Restate word for word the section of the entries that opens at the line containing "2、标签分组:商城系统 >商品管理 >商品标签 >添加标签分组" and closes at the line containing "现代玻璃贝壳装饰吊灯水晶灯 3d模型下载 [模型ID:127392]", both lines kept, pictures dropped.
(Beginning of Records to process)
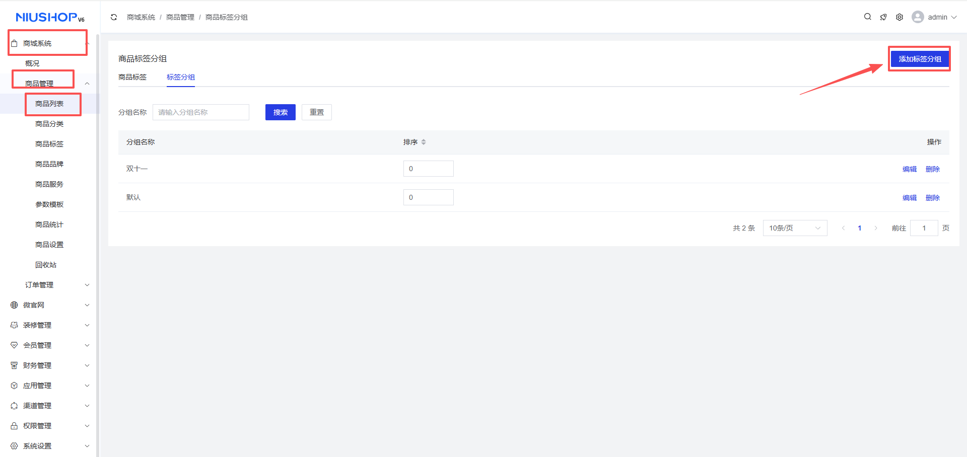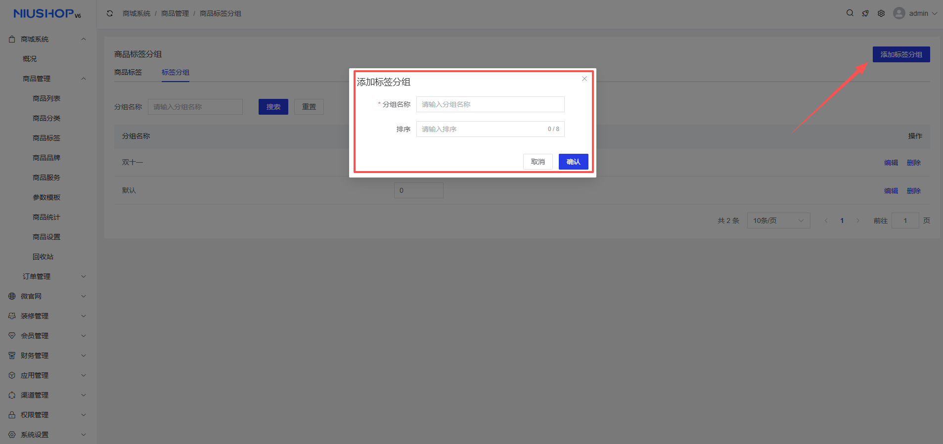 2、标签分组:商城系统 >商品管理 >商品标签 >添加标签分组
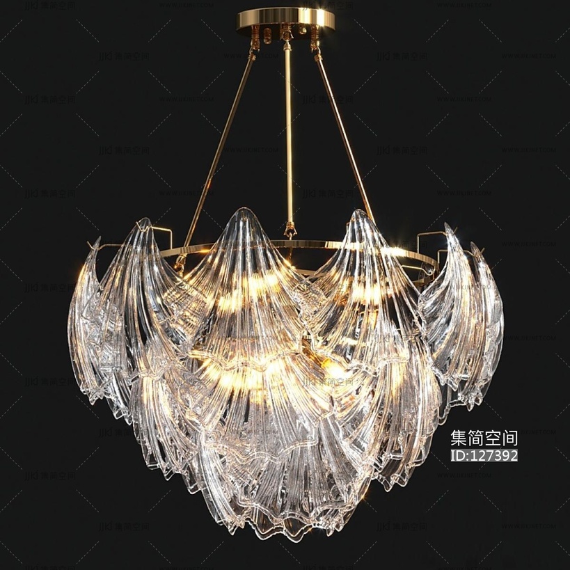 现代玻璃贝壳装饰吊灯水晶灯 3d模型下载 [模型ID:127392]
(End of Records to process)
(Beginning of Records to process)
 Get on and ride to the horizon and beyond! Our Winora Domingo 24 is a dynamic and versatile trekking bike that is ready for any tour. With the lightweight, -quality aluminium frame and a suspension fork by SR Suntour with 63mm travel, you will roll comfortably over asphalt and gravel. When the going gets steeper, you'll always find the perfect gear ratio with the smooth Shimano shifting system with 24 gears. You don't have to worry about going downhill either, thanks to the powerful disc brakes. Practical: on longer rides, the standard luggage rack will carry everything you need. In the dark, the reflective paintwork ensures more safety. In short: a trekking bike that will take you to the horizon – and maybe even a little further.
(End of Records to process)
▸ **Result of this exercise**
 2、标签分组:商城系统 >商品管理 >商品标签 >添加标签分组
 现代玻璃贝壳装饰吊灯水晶灯 3d模型下载 [模型ID:127392]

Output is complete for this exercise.